WORK TO BE COMPLETED: The exercise calls for the lines from the one containing "Author: SPOSINI, ROBERTOLine: XC60" to the end of the data below to be output exactly, pictures excluded.

STORED DATA:
####
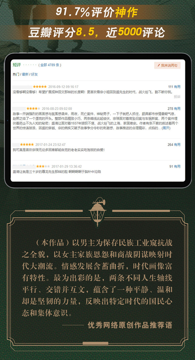 以男主为保存民族工业窥抗战之全貌,以女主家族恩怨和商战阴谋映射时代大潮流。
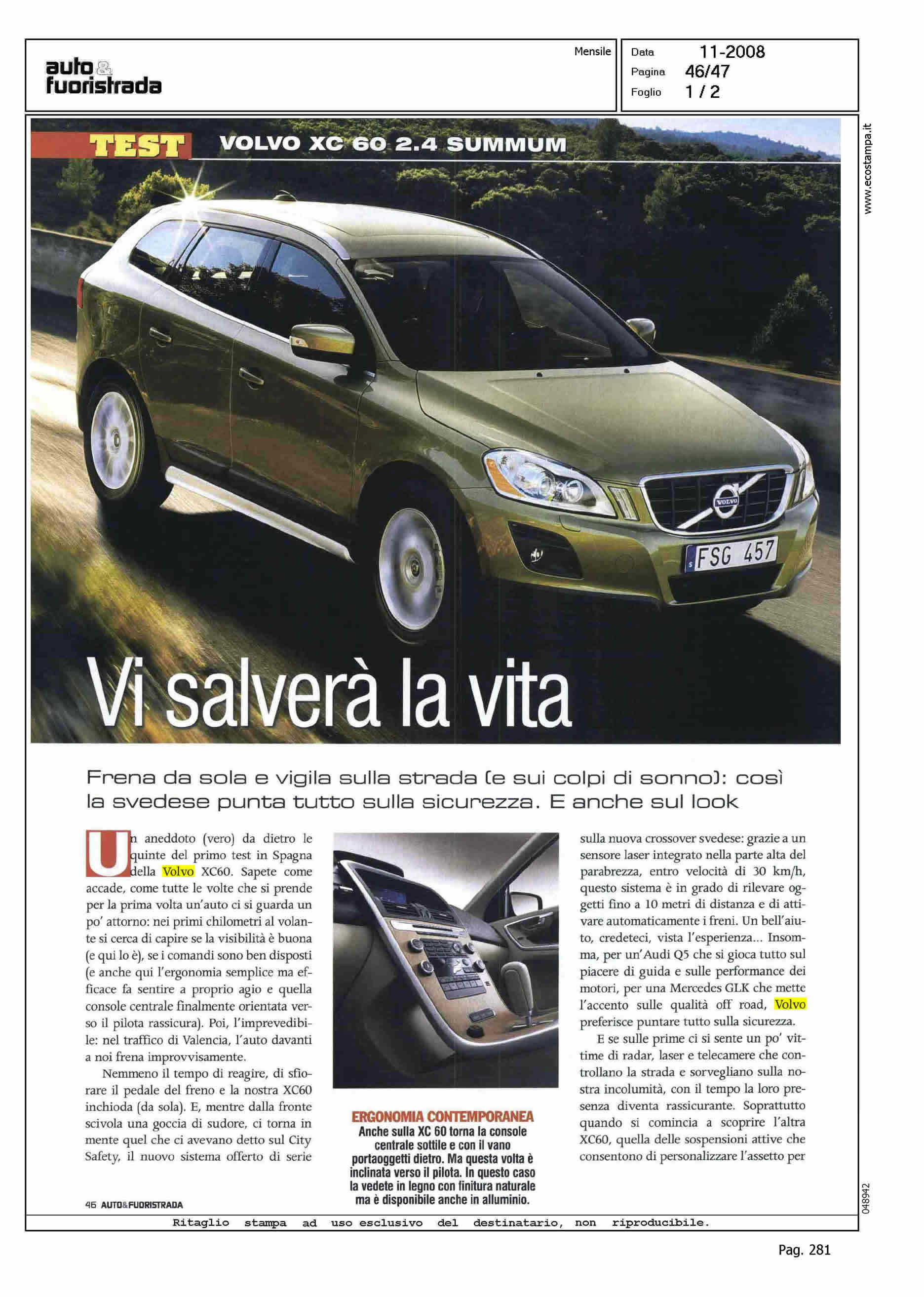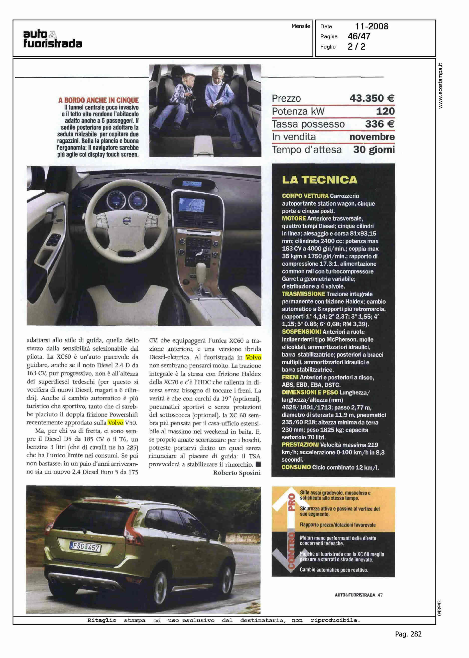 Author: SPOSINI, ROBERTOLine: XC60 Model: Subject: PRODUCT PRESENTATION Title: VI SALVERA' LA VITAHighlight:
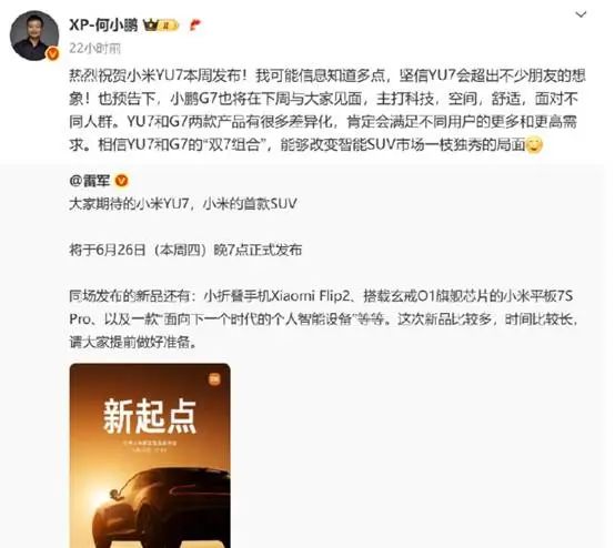 在雷军宣布小米YU7的发布时间后,小鹏汽车董事长何小鹏迅速在社交平台送出祝福。
####
RESULT:
 Author: SPOSINI, ROBERTOLine: XC60 Model: Subject: PRODUCT PRESENTATION Title: VI SALVERA' LA VITAHighlight:
 在雷军宣布小米YU7的发布时间后,小鹏汽车董事长何小鹏迅速在社交平台送出祝福。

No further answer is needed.